That young face on the front page of every newspaper is a grim reminder – the confirmation of our unfinished peace and of a distance still to travel.
I didn’t know Lyra McKee but, in my reading of the past couple of days,I know more about her now.
She was just 29 – a journalist hit by a bullet fired by a dissident IRA gunman during a riot in Derry. Reporting in the madness of these street battles comes with so much danger. There is no such thing as a safe place to observe or stand.
Just hours before the shooting, I spoke with veteran journalist Deric Henderson at an event in my hometown of Holywood – the theme of the conversation ‘Reporting the Troubles’ taken from the title of the book co-edited by Henderson and Ivan Little.
I spoke these words: “We as ‘the conflict generation’ are shovelling our experience on the people who come behind us. So, I hear young people talking about things they could only have heard from us, and we need to think about the damage we’re doing in all of that.”
I asked how do we do the right thing in terms of some legacy process: “How do we stop shovelling that experience on top of others? That’s what I meant [when I said earlier]if we don’t do something we’re going to bury ourselves and them in the conflict period.”
Just hours later, Lyra McKee was dead.
Like many, I read that news in disbelief. This is 2019 – 25 years after the ceasefires of 1994 – and the headlines are about the murder of a young woman; a story illustrated in the pictures of rioting, petrol bombs, burning vehicles and gunfire.
Who directed that riot in Derry – manipulated the young people in that situation and ordered a gunman on to that stage?
There are those who can’t live with the ‘peace’ and, so, people have to die – on this night, and in this place, it was Lyra McKee.
Political leaders issued a joint statement and came to speak with and stand with the people of the Creggan.
In this, there is hope; some light in the darkness that, perhaps this time, those many dissident IRA organisations might go away – because they have been shamed into doing so.
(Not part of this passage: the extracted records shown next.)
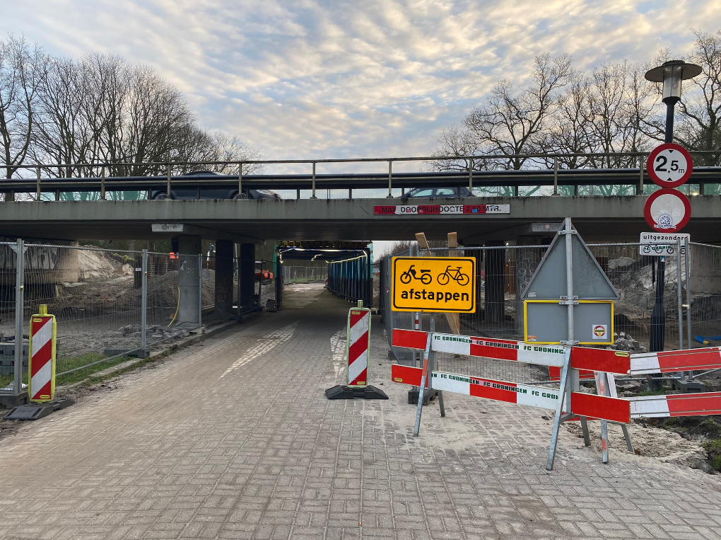 “Het is fijn dat de route door het Stadspark weer open is, en ook open kan blijven vanwege een corridor die is aangelegd onder de onderdoorgang”, vertelt voorzitter Wim Borghols. “Maar waarom is er nu een bord geplaatst waarop staat ‘fietsers afstappen’? Wat is de nut en noodzaak er van?” Borghols wijst daarbij naar het fietspad dat parallel loopt aan het Noord-Willemskanaal: “Op andere plaatsen moeten veel smallere routes gedeeld worden tussen fietsers, roeibegeleiders, Pieterpadlopers, scootmobiels en honden-uitlaters.”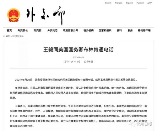 2021年8月29日,国务委员兼外长王毅应约同美国国务卿布林肯通电话,就阿富汗局势及中美关系等交换意见。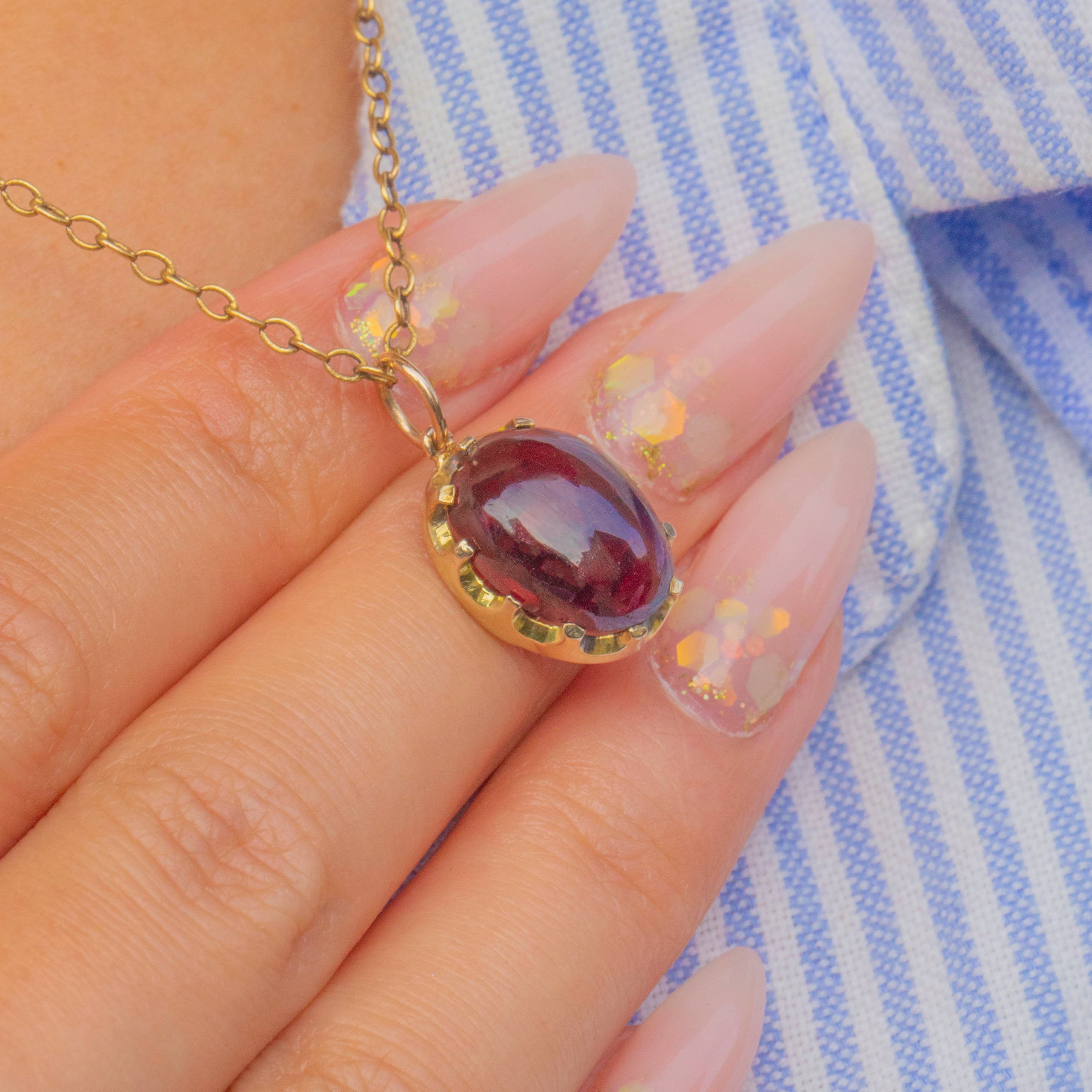 This antique charm is set with a glowing Garnet cabochon, its rich red hue alive with inner fire. The oval cabochon measures 12.5mm x 9mm, weighing approximately 1.06ct, and is securely held in a 9ct Gold bezel setting.

We witnessed such a retreat after the Omagh bomb in 1998.
Yet, there can be no certainty about this.
Denis Bradley, who co-chaired the first legacy consultation process here more than a decade ago, is right: “Those hopes have been raised before and have been dashed before.”
He was writing in the Irish Times, writing with all the experience of years of watching and listening.
There is no security or intelligence initiative that will extinguish the dissident threat.
In my opinion, MI5 is part of the problem, their continuing presence on the security landscape providing part of the excuse that dissidents use when arguing that nothing has changed.
For years, I have said there is a need for an initiative in which the nationalist leadership speaks directly with the dissidents; a joined up initiative that needs the weight of Irish Government involvement, the political and Church leaderships and those of community influence, including the GAA.
The purpose and focus of any such dialogue should be a demand that says, STOP.
More than 30 years ago, John Hume made that same demand of the IRA.
People, including journalists, suggested he was wasting his time, but he with others succeeded in delivering the ceasefire and in shaping the political process that gave us the Good Friday Agreement.
Those joined up political and policing steps taken on Friday are important, but they are not enough.
There is no time for waiting. It is too late when someone is dead, and already it is too late for Lyra.
As for any legacy process, what should its principal purpose be – to ensure that the conflict is not repeated, that it never happens again.